• TASK DETAILS:
Print the data exactly as written, but leave out each picture.

#### INFORMATION ####

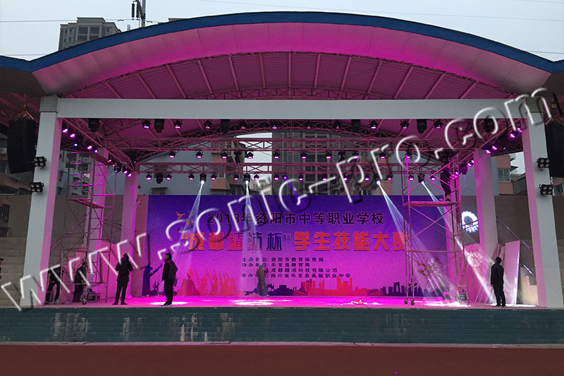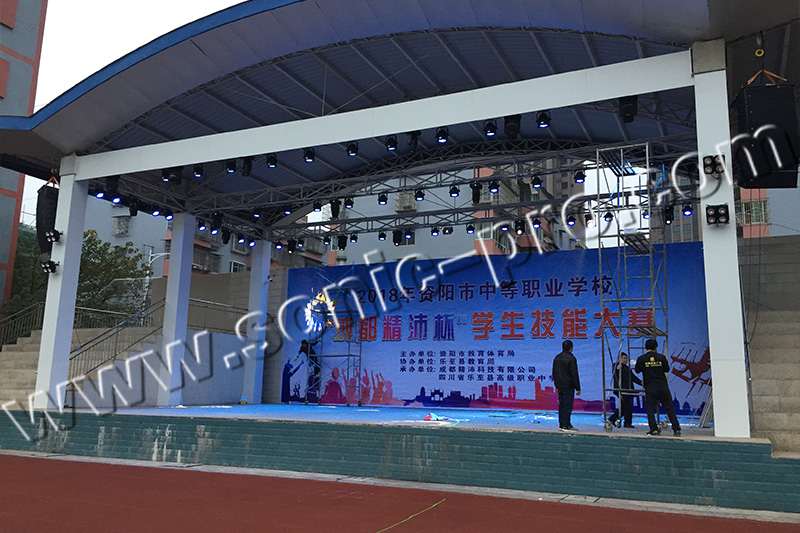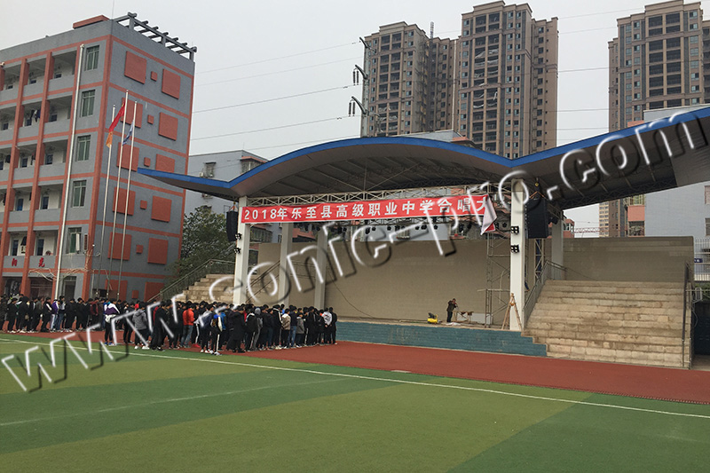 操场舞台主要用于举行晚会、发表演讲等活动,考虑到该场所作为一个户外的活动场所,相对比室内演出的声场处理难度较大。户外演出是开放式的,没有具体的反声建筑物,声音扩散出去没有反射声,因此就需要有强大的功率和具有良好指向性的扬声器。露天的演出在保证安全、顺利的前提下,也要考虑系统的稳定性、可靠性和实用性。
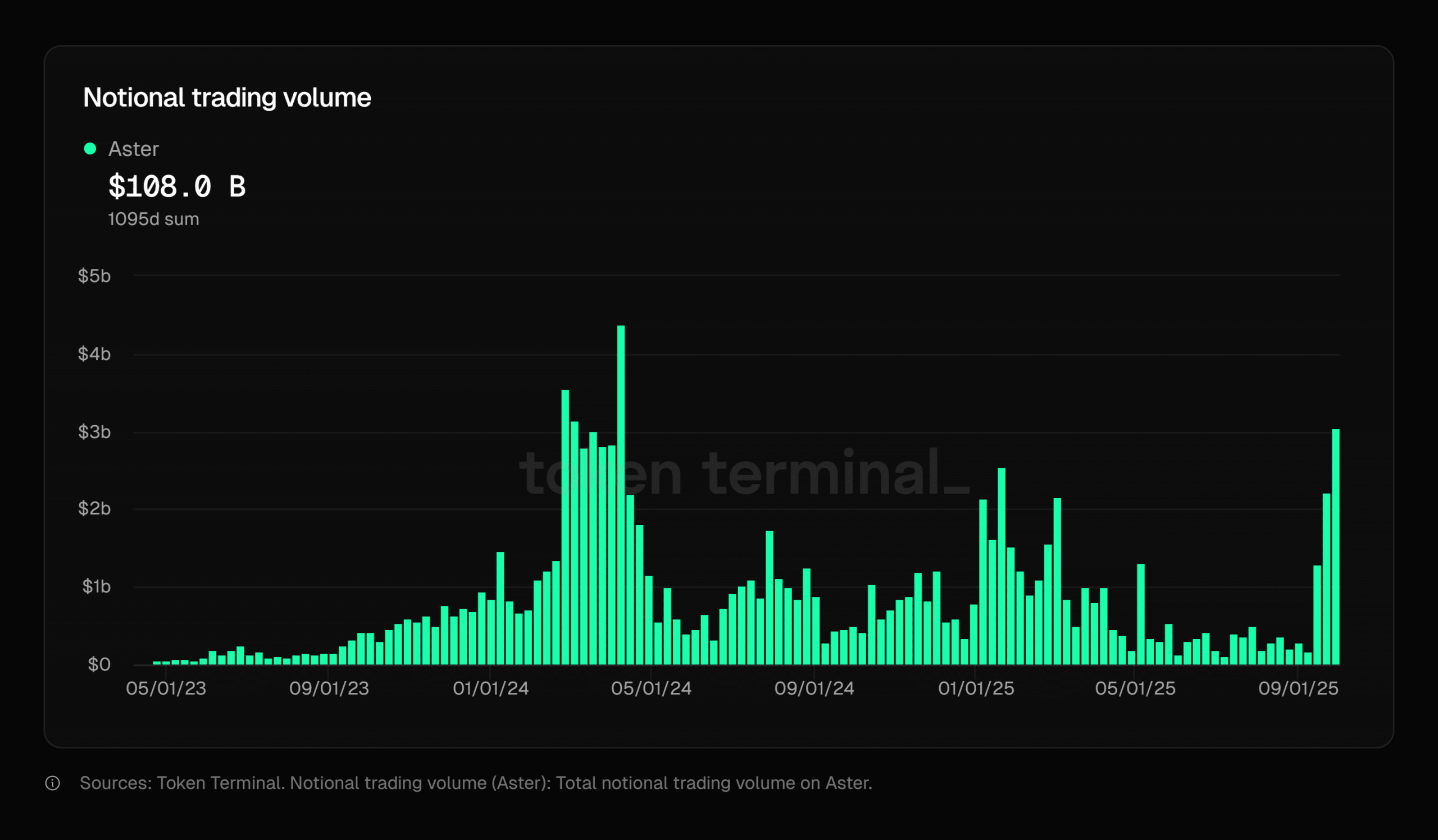 Aster, a decentralized perpetual exchange, has reached a total trading volume of $108 billion, according to data from Token Terminal. The milestone shows how quickly Aster is growing as more traders use its platform in 2025.
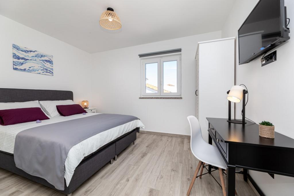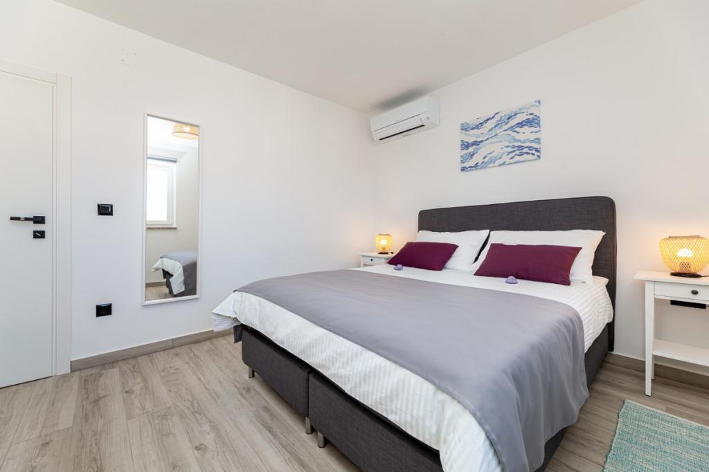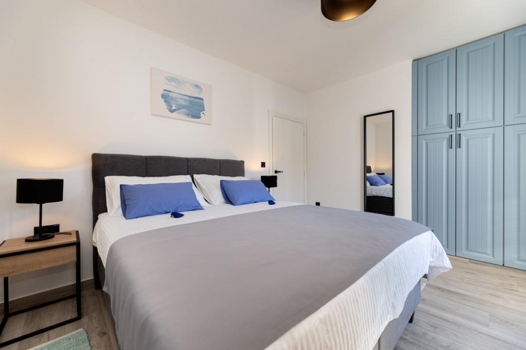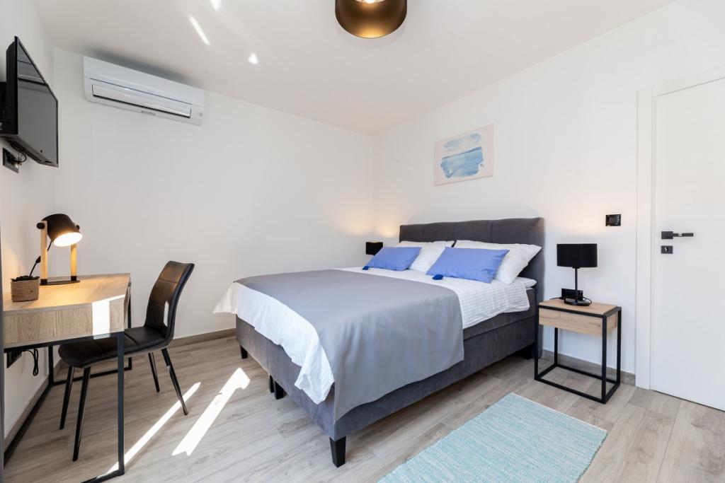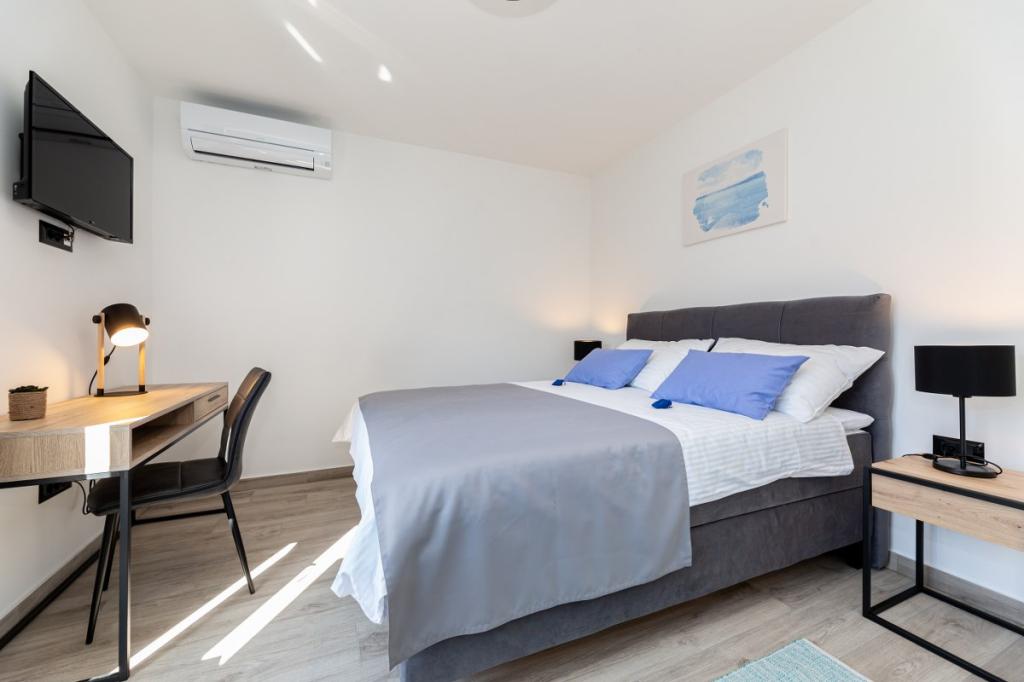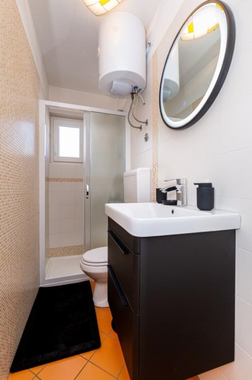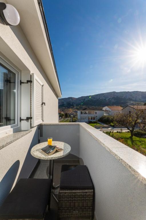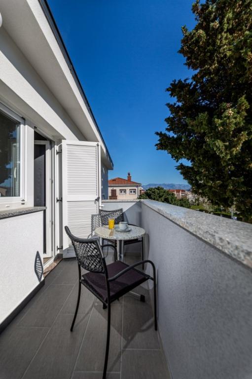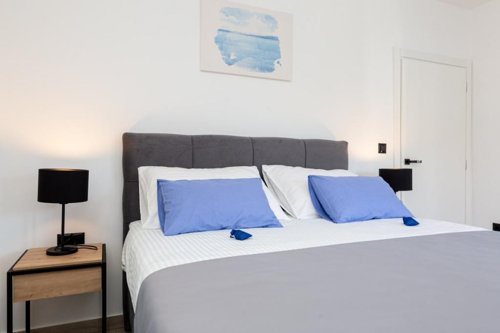 Moderno uređen apartman u mirnom predjelu, udaljen cca 200 m od mora. Nalazi se na 1. katu obiteljske kuće. Objekt se nalazi 5 do 10 minuta hoda do plaže ili centra mjesta, te posjeduje 2 parkirna mjesta. Apartman se sastoji od 3 dvokrevetne spavaće sobe od kojih su 2 sa balkonom. Svaka soba je klimatizirana i ima SAT TV i fen. Kuhinja opremljna hladnjakom, ledenicom, perilicom suđa, pločom za kuhanje, mikrovalnom pećnicom, mašinom za filter kavu, kuhalom za vodu, tosterom te svim potrebnim posuđem. Dnevni boravak je također klimatiziran i ima SAT TV. Apartman ima 2 kupaone sa tuš kabinom. WI FI uključen u cijenu. Apartman posjeduje i vrtnu terasu sa garniturom za sjedenje i grillom. Želimo vam ugodan boavak u našem apartamanu.
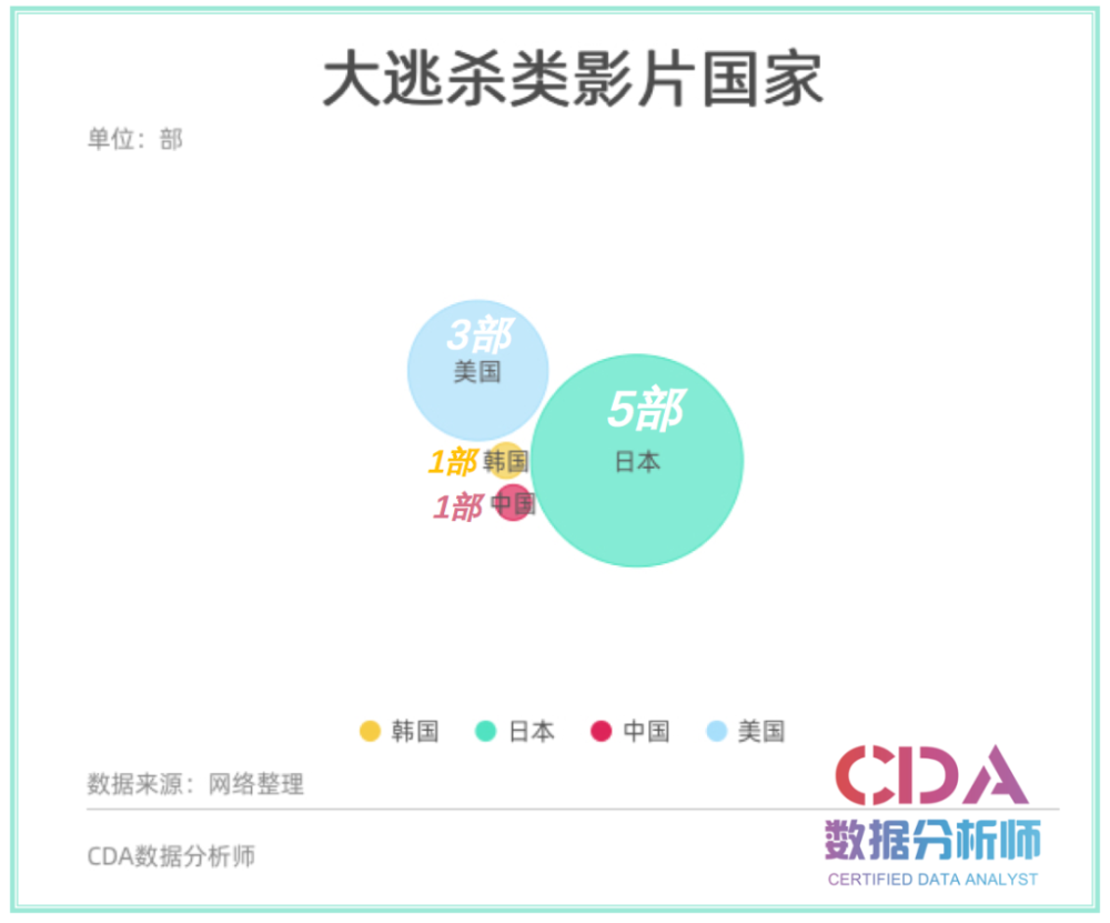 通过分析可以发现,日本盛产大逃杀类型的影片。在我们列举的十部代表性作品中就有5部来自日本,妥妥占据半壁江山。美国也《饥饿游戏》《移动迷宫》《密室逃脱》有3部作品。代表作品中,韩国、中国各占一部。
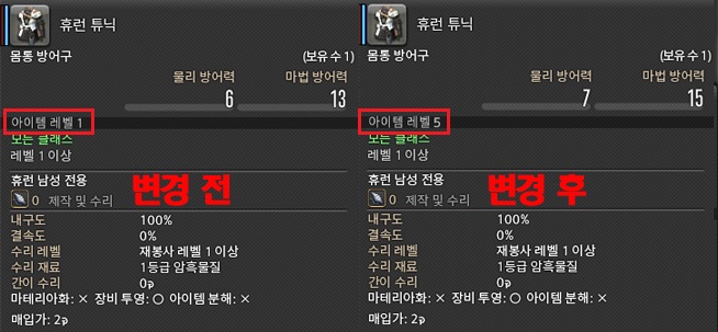 - 종족 기본 의상의 아이템 레벨을 5레벨로 변경

####

• FINAL ANSWER:
 操场舞台主要用于举行晚会、发表演讲等活动,考虑到该场所作为一个户外的活动场所,相对比室内演出的声场处理难度较大。户外演出是开放式的,没有具体的反声建筑物,声音扩散出去没有反射声,因此就需要有强大的功率和具有良好指向性的扬声器。露天的演出在保证安全、顺利的前提下,也要考虑系统的稳定性、可靠性和实用性。
 Aster, a decentralized perpetual exchange, has reached a total trading volume of $108 billion, according to data from Token Terminal. The milestone shows how quickly Aster is growing as more traders use its platform in 2025.
 Moderno uređen apartman u mirnom predjelu, udaljen cca 200 m od mora. Nalazi se na 1. katu obiteljske kuće. Objekt se nalazi 5 do 10 minuta hoda do plaže ili centra mjesta, te posjeduje 2 parkirna mjesta. Apartman se sastoji od 3 dvokrevetne spavaće sobe od kojih su 2 sa balkonom. Svaka soba je klimatizirana i ima SAT TV i fen. Kuhinja opremljna hladnjakom, ledenicom, perilicom suđa, pločom za kuhanje, mikrovalnom pećnicom, mašinom za filter kavu, kuhalom za vodu, tosterom te svim potrebnim posuđem. Dnevni boravak je također klimatiziran i ima SAT TV. Apartman ima 2 kupaone sa tuš kabinom. WI FI uključen u cijenu. Apartman posjeduje i vrtnu terasu sa garniturom za sjedenje i grillom. Želimo vam ugodan boavak u našem apartamanu.
 通过分析可以发现,日本盛产大逃杀类型的影片。在我们列举的十部代表性作品中就有5部来自日本,妥妥占据半壁江山。美国也《饥饿游戏》《移动迷宫》《密室逃脱》有3部作品。代表作品中,韩国、中国各占一部。
 - 종족 기본 의상의 아이템 레벨을 5레벨로 변경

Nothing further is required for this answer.